Justina Martens's story begins in 1930. A good storyteller, she speaks of the role of neighbors in taking care of each other and of the lack of food. Her father was grabbed for hiding literature. So many men disappeared in 1937-1938. She and her children, sent to the far north, lived in the home of Russians who, understandably, hardly wanted them there. She describes life on a collective farm and the faith she clung to with all her might. Though it seems that women were more likely to survive than men, the stories of the men, Abram Berg and Aron Warkentin, are less heartrending than those of the women because they did things to try to control their situation. As the train that took him to exile left the station, Berg threw out envelopes addressed to his family, hoping that bystanders would mail them. They did. He says that children continued to be born in the camps no matter what measures the authorities took. One couple had three children.
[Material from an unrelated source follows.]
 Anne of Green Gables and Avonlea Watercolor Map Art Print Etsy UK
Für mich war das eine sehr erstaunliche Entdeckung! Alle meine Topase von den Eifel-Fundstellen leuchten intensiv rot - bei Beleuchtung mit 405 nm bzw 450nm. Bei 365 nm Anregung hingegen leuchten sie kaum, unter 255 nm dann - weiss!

The man, released first, took them and cared for them until the woman was released and they could marry. Some abandoned their children when they were released. Aron Warkentin, sent to a camp in the northern forests, cleverly marketed his skills as a carpenter and as a man competent in the care of horses. He gathered to himself others from his village and they figured out how to live a little warmer and eat a little better than the rules allowed. When Warkentin realized that he was about to be betrayed, arrested, and sent heaven-knows-where, he took direct action and turned the tables on his accusers. He says, "Those of us who were drawn into this harsh and unexplainable system knew how important it was to fight for life as long as we were able."

The communists in Moscow may have had a plan, but it was difficult for persons on the receiving end of the policies to understand it. Officials pretended to do things by law. There were warrants, arrests, trials with testimony, appeals, and sentences of specific numbers of years. Only a few were ever acquitted. The people experienced confiscation of property, uprooting of established lifestyles, tearing apart of family life, starvation, deportation, limitations on food with food tied directly to work, and prohibition of religious belief and practice. Small things became important to survival--things such as did they take warm clothing along when they were deported and could they form mutual-aid relationships with others along the way.